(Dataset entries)
══════════════════════════════

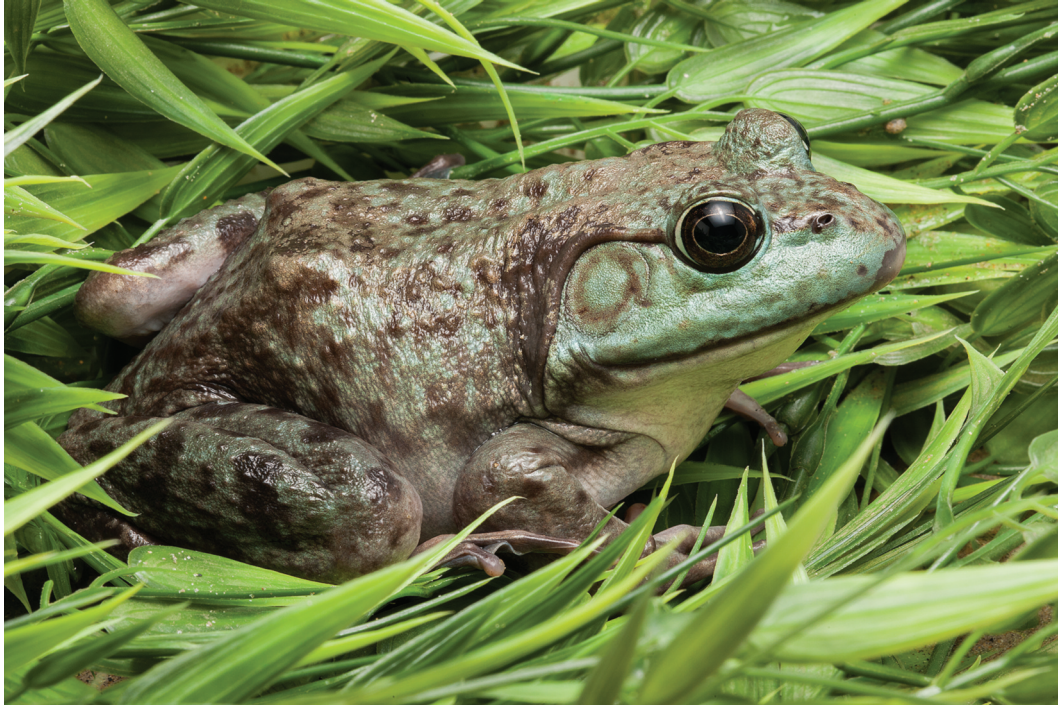
FIGURE 5. American Bullfrog from the Wallace Bay area, Nova Scotia, photographed in captivity under artificial light. The blue parts look metallic greyish green and the black blotches look brownish black. Figure 4 shows the same bullfrog photographed in sunlight.
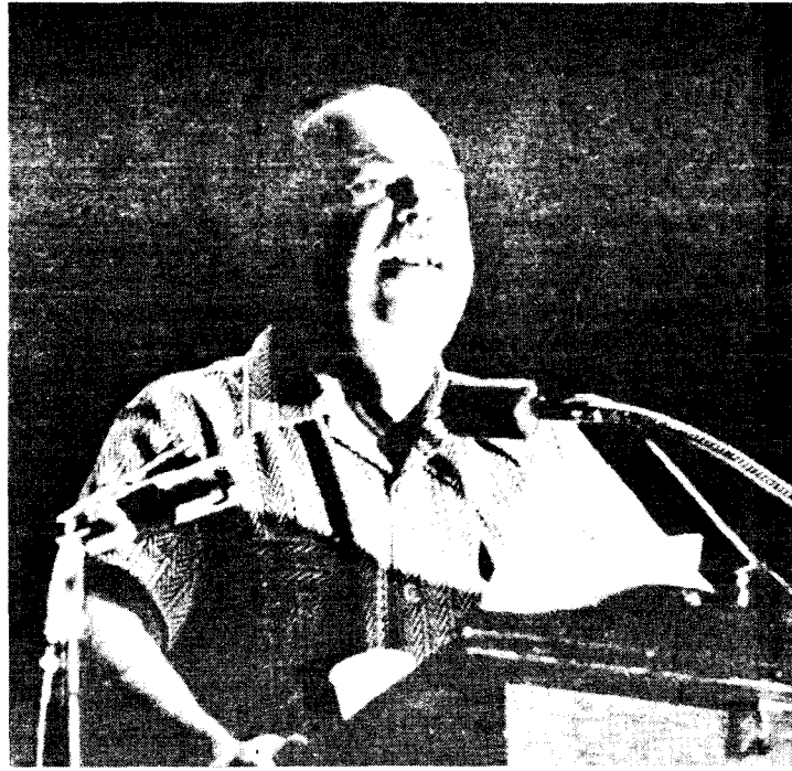
Juan Mari Bras, PSP secretary-general, addresses congress.

The PSP reaffirmed its traditional position of calling for a "patriotic front" of all Puerto Rican independence forces, including in this the bourgeois PIP. A resolution called for concrete
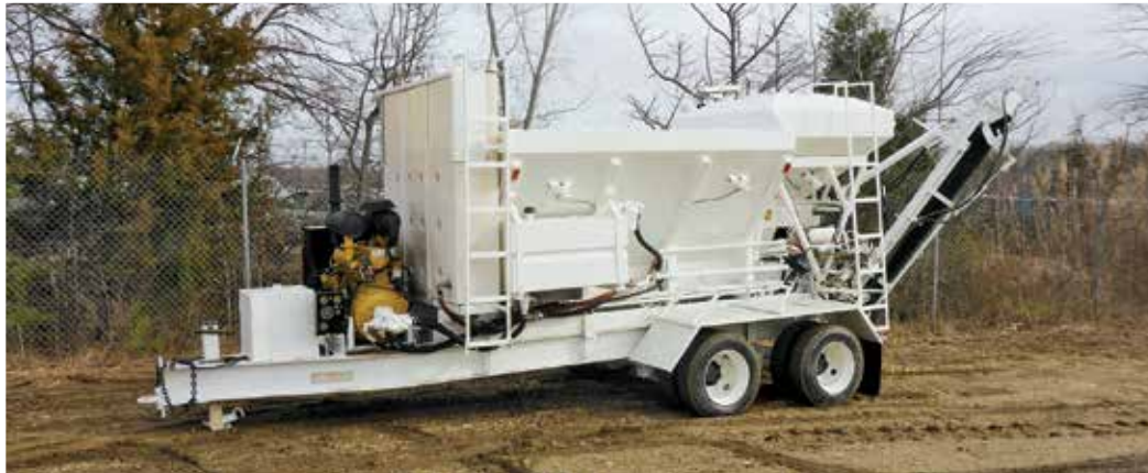
Elkin 5 Cu Yd
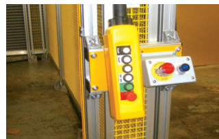
PUSH BUTTON: For safe and easy operation (standard)
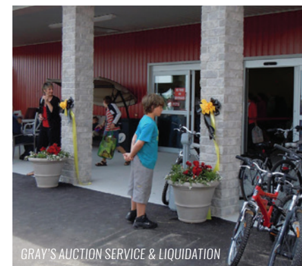
GRAY'S AUCTION SERVICE & LIQUIDATION

══════════════════════════════

* EXERCISE BRIEF
Exclude all images and restate the records above word for word.

* RESULT OF THIS TASK
FIGURE 5. American Bullfrog from the Wallace Bay area, Nova Scotia, photographed in captivity under artificial light. The blue parts look metallic greyish green and the black blotches look brownish black. Figure 4 shows the same bullfrog photographed in sunlight.
Juan Mari Bras, PSP secretary-general, addresses congress.

The PSP reaffirmed its traditional position of calling for a "patriotic front" of all Puerto Rican independence forces, including in this the bourgeois PIP. A resolution called for concrete
Elkin 5 Cu Yd
PUSH BUTTON: For safe and easy operation (standard)
GRAY'S AUCTION SERVICE & LIQUIDATION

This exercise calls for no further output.